Mister Ten Per Cent is a 1967 British comedy film directed by Peter Graham Scott and starring Charlie Drake, Derek Nimmo and Wanda Ventham.

It was shot at Elstree Studios and on location in London. It was the last in a series of four films produced by ABPC featuring Drake.

Plot
Percy Pointer, a construction worker and amateur dramatist, writes a drama 'Oh My Lord' and hopes to have it professionally produced. A dishonest producer agrees to back the play, hoping that it will be a disaster, so that he can claim insurance on its failure. To Percy's distress, the first audience see the play as a slapstick comedy, not the drama he intended it to be.
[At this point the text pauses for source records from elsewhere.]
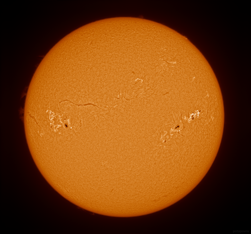 THE SUN Telescope/Lens: Coronado SolarMax II 60 BF10 Camera: ZWO ASI 178MM Mount: Sky-Watcher AZ-EQ6 Pro Software: PIPP, AutoStakkert, RegiStax5, Photoshop Balashiha, Russia Sunspot groups 2981, 2978, 2976, 2975 Original size: https://deepskyhosting.com/CLKH0cy Author: Nikopo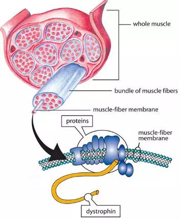 DMD是由于编码dystrophin蛋白的基因编码缺陷造成的。Dystrophin是一条长蛋白质链,由一个包含79个外显子的基因所编码。如果有任何一个外显子发生破坏性突变,这一蛋白质链就无法构建起来。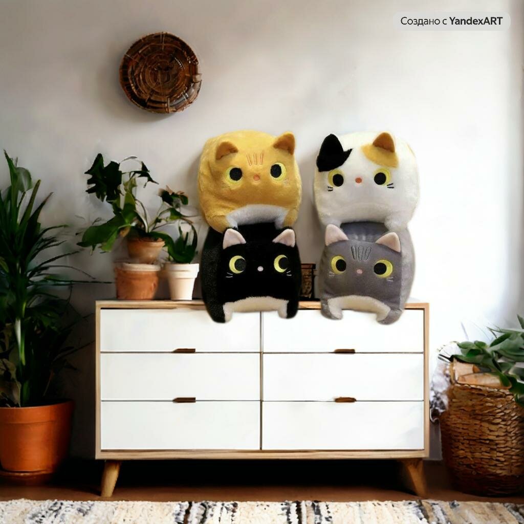 Мягкая игрушка котокуб кот куб квадратный подушка белый 20см
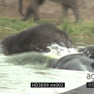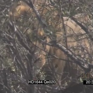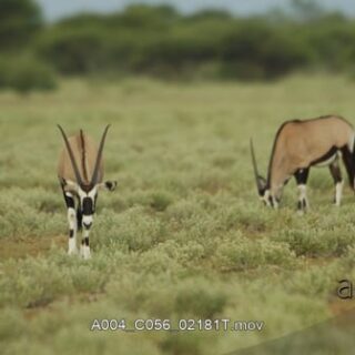Pair of Gemsbok standing, slowly walking while feeding on grass.

The play is a hit and audiences love it. But Percy is upset by the turn of events and attempts to ruin the production. It then emerges that in his ignorance of showbusiness contracts, he has signed away 10% of any revenue to so many people that he actually owes 110% of the money.

His attempts to sabotage the production lead to his being banned from the theatre. But with great resourcefulness, he manages to enter the theatre backstage and create havoc. With the audience thinking this is a part of the comedy and hugely enjoying it, Percy takes to the stage and addresses the audience, asking them why they find his drama so funny. No-one can find an answer, but they cheer him anyway.

The last scene, with chaos backstage, owes much to the Marx Brothers film, A Night at the Opera (1935).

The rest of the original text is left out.